# A Few Questions About Socionics from a Beginner



## Despotic Nepotist (Mar 1, 2014)

I filled out a questionnaire or two on the Socionics thread a while back, but I promptly forgot everything. Additionally, everything I seem to read on the subject seems to be a bit hazy, so I just have a few questions.

* What are the differences between Socionics and MBTI? From my understanding the former has more to do with social interactions?

* Are Jungian cognitive functions any different between Socionics and MBTI? 

* Is it possible for a person to type differently in the two systems?

All these questions tie in together, honestly, but I would appreciate a look at them and as comprehensive (but enough for a layman to understand) an answer as possible. @Entropic seems to have a record for these kinds of answers, so I'll target him first.

Thanks in advance!


----------



## Jeremy8419 (Mar 2, 2015)

Ire said:


> I filled out a questionnaire or two on the Socionics thread a while back, but I promptly forgot everything. Additionally, everything I seem to read on the subject seems to be a bit hazy, so I just have a few questions.
> 
> * What are the differences between Socionics and MBTI? From my understanding the former has more to do with social interactions?
> 
> ...


1) Socionics was built as a cognitive model to explain relations that exist between people and divides people into types accordingly. MBTI is a behavioral division of people into types to promote positive understanding and interaction with others and later had Jungian Cognitive functions attempted to be accurately retrofitted.

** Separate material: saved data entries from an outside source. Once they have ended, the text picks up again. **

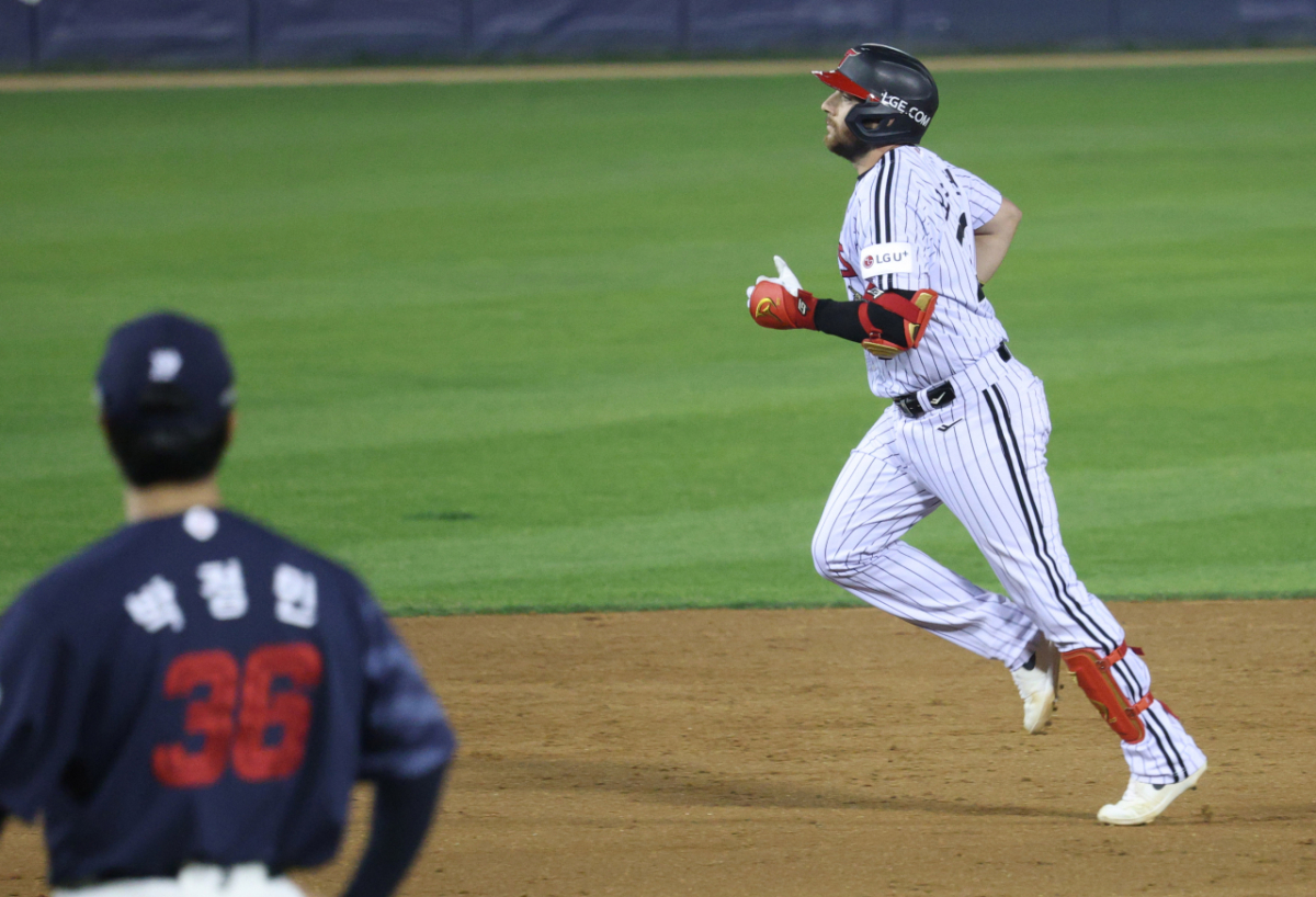 LG 오스틴이 8회말 무사에서 롯데 박정민을 상대로 역전 좌월 1점 홈런을 날리고 홈인하고 있다.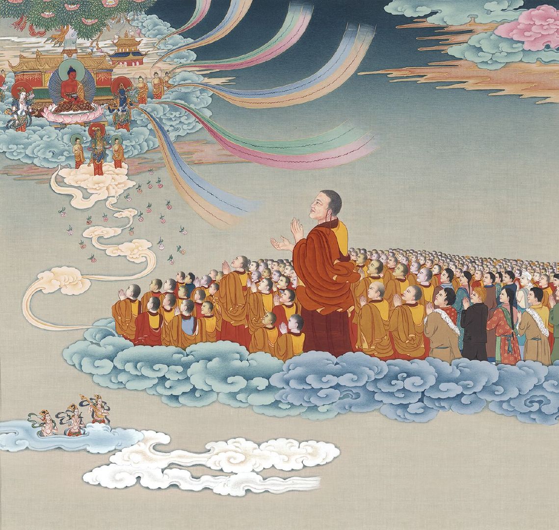 要这样想:具足一切善妙功德,极其殊胜的极乐世界,是由法藏菩萨的大智慧、大慈悲、大愿力、无量菩萨行海摄集而成。净土的一毛一尘,圆明具德,美妙无比,无一不是从佛的大愿海中流现,极其不可思议。从往生到西方净土后,人人的眼耳鼻舌身都能触到阿弥陀佛无漏智慧所变现的妙相,完全处在加持的海洋当中。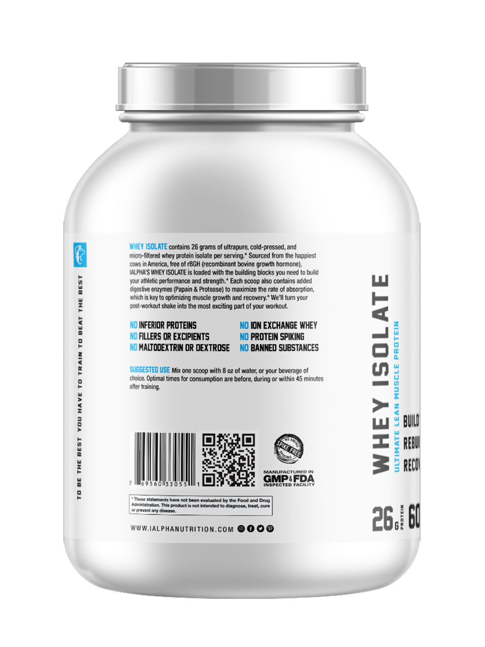 A new generation of whey protein isolate offering premium quality, enhanced functionality, and maximum performance has arrived. Ialpha’s Whey Protein Isolate has been formulated to be everyone’s choice for the pure, clean, and fast digesting whey protein isolate on the market. With no amino spiking, protein blends or concentrates, and no added dyes or colors– bodybuilders and other athletes can support muscle recovery and boost gains in size and strength, without compromise.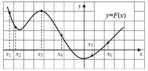 На рисунке приведен график y=F(x) одной из первообразных функции f (x). На графике отмечены шесть точек с абсциссами x1, x2, ..., x6. В скольких из этих точек функция y=f(x) принимает отрицательные значения?

2) Jungian Cognitive Functions is a system separate from MBTI and Socionics. All three are individual systems with varying amounts of correlations on translations between systems.

3) Typology is based upon norms of society. In MBTI, population is relatively evenly split between E/I and T/F, but with slight offset on J/P and a large offset compared to the average of society on S/N. The baselines for Socionics have only been studied on a small scale once. So, yes, you could be a different type, as the divisions compared to the averages of society is unknown. In general, the closer you are to the center of the scale on your MBTI preferences, the more likely it is that you will be a different type in Socionics.


----------